> _DATASET CONTENT_
⁂
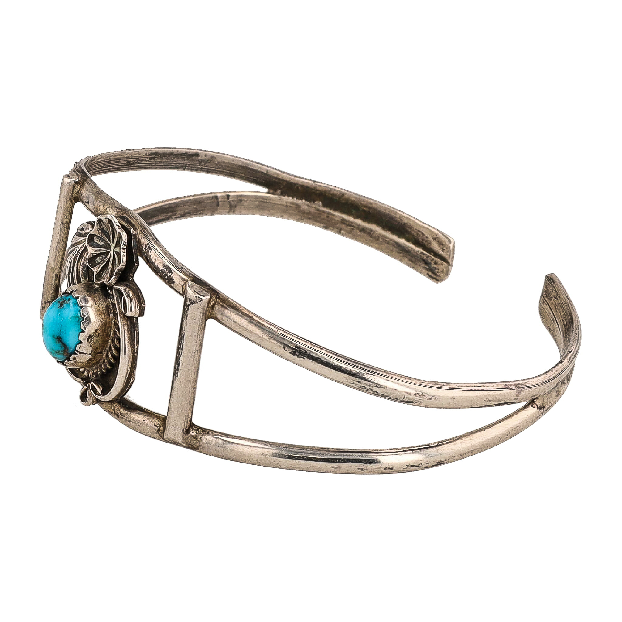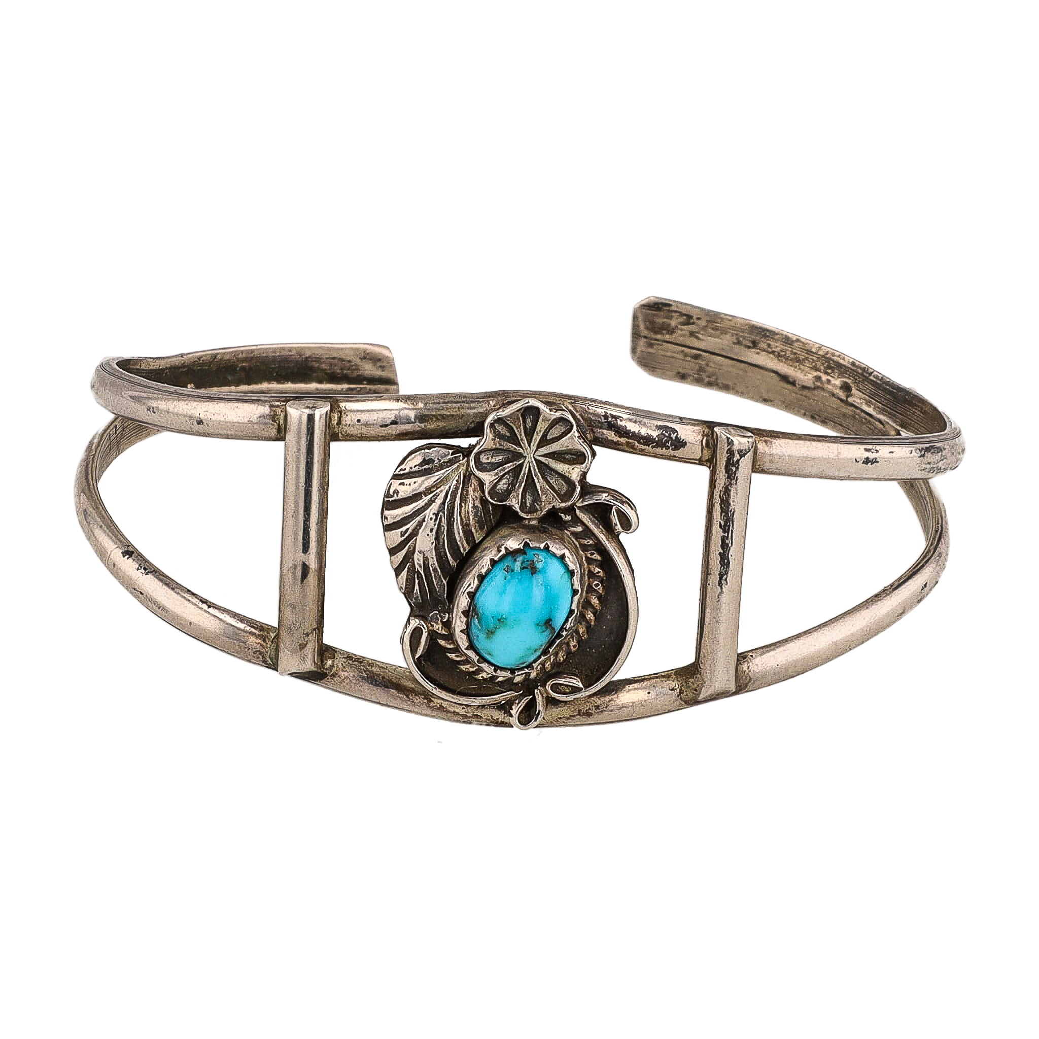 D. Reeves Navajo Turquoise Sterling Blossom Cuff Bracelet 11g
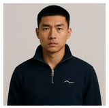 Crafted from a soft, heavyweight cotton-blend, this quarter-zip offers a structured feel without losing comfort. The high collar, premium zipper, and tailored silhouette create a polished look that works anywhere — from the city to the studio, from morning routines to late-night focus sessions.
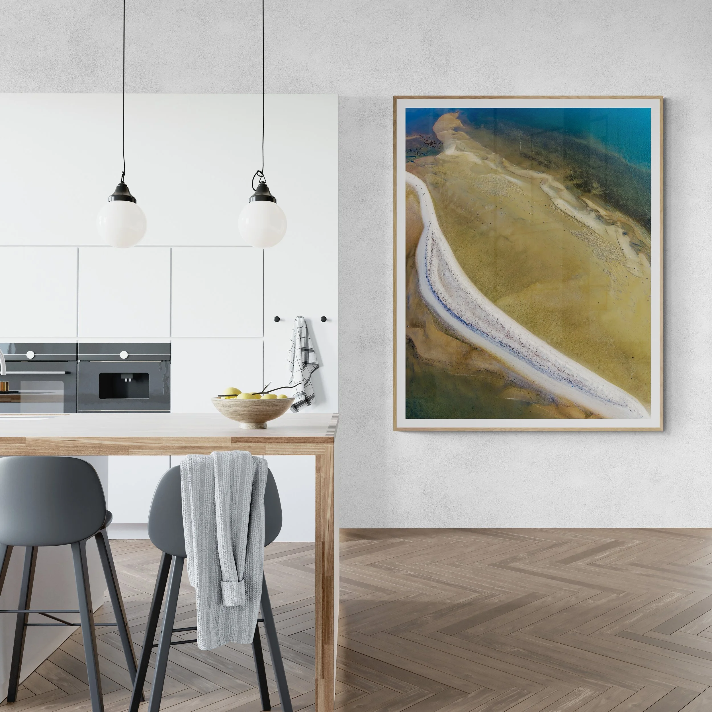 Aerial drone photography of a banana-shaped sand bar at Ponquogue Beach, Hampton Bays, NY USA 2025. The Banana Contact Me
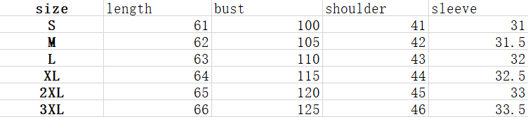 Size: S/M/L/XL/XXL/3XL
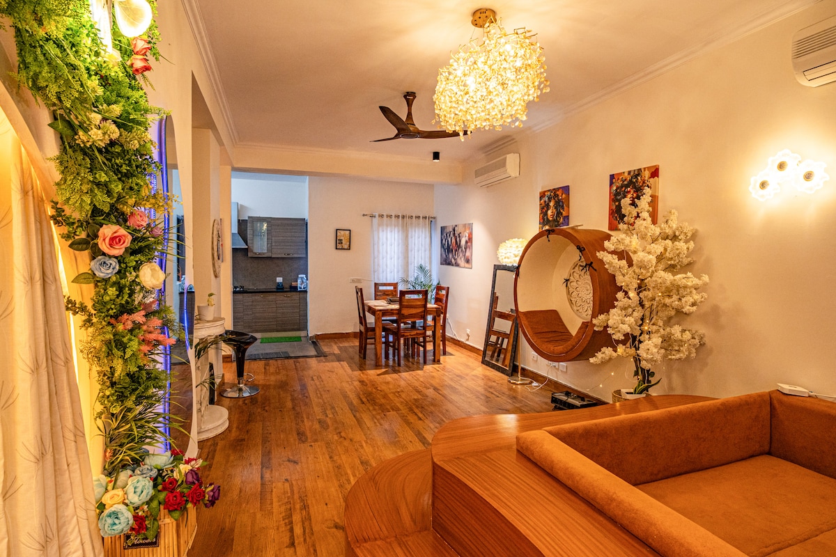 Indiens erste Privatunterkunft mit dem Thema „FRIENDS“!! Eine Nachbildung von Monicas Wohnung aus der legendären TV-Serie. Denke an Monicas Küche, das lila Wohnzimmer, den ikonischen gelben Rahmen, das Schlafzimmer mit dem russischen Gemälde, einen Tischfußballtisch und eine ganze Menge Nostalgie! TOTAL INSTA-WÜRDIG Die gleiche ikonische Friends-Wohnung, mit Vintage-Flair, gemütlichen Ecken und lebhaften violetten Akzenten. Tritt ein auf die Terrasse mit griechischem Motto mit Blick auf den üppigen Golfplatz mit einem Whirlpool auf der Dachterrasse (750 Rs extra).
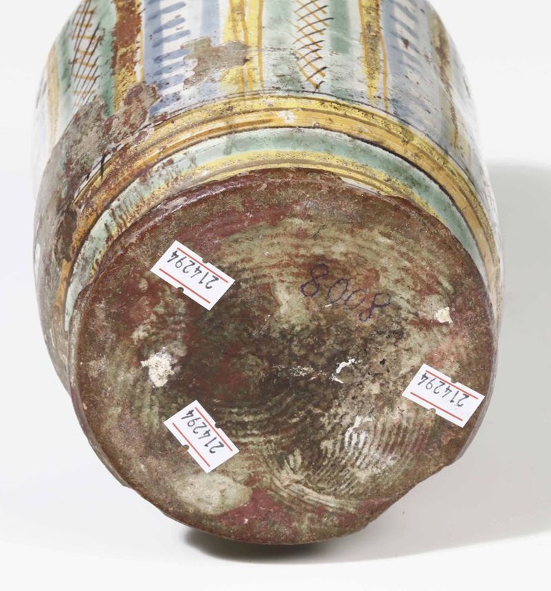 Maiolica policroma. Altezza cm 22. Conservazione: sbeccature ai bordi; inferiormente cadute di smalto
⁂
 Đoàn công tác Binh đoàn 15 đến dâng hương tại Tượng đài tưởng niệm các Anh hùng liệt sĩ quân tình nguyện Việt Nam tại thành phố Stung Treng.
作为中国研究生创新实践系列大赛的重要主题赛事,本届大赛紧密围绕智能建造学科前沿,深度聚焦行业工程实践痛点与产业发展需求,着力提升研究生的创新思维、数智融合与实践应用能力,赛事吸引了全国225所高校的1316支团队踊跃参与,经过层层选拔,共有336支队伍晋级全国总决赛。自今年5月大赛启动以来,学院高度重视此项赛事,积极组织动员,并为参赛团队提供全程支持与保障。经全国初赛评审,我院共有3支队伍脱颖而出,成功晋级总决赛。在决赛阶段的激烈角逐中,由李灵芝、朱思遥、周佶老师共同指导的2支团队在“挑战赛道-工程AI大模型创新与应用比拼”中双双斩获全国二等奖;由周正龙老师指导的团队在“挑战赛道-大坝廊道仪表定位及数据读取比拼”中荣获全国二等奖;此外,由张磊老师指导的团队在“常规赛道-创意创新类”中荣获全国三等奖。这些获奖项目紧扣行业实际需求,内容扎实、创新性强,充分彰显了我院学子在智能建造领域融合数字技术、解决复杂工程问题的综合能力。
⁂
Look above and copy only the lines from the one holding "Crafted from a" to the one holding "Maiolica policroma. Altezza", both included, exactly, minus the pictures.

> _PROBLEM SOLUTION_
 Crafted from a soft, heavyweight cotton-blend, this quarter-zip offers a structured feel without losing comfort. The high collar, premium zipper, and tailored silhouette create a polished look that works anywhere — from the city to the studio, from morning routines to late-night focus sessions.
 Aerial drone photography of a banana-shaped sand bar at Ponquogue Beach, Hampton Bays, NY USA 2025. The Banana Contact Me
 Size: S/M/L/XL/XXL/3XL
 Indiens erste Privatunterkunft mit dem Thema „FRIENDS“!! Eine Nachbildung von Monicas Wohnung aus der legendären TV-Serie. Denke an Monicas Küche, das lila Wohnzimmer, den ikonischen gelben Rahmen, das Schlafzimmer mit dem russischen Gemälde, einen Tischfußballtisch und eine ganze Menge Nostalgie! TOTAL INSTA-WÜRDIG Die gleiche ikonische Friends-Wohnung, mit Vintage-Flair, gemütlichen Ecken und lebhaften violetten Akzenten. Tritt ein auf die Terrasse mit griechischem Motto mit Blick auf den üppigen Golfplatz mit einem Whirlpool auf der Dachterrasse (750 Rs extra).
 Maiolica policroma. Altezza cm 22. Conservazione: sbeccature ai bordi; inferiormente cadute di smalto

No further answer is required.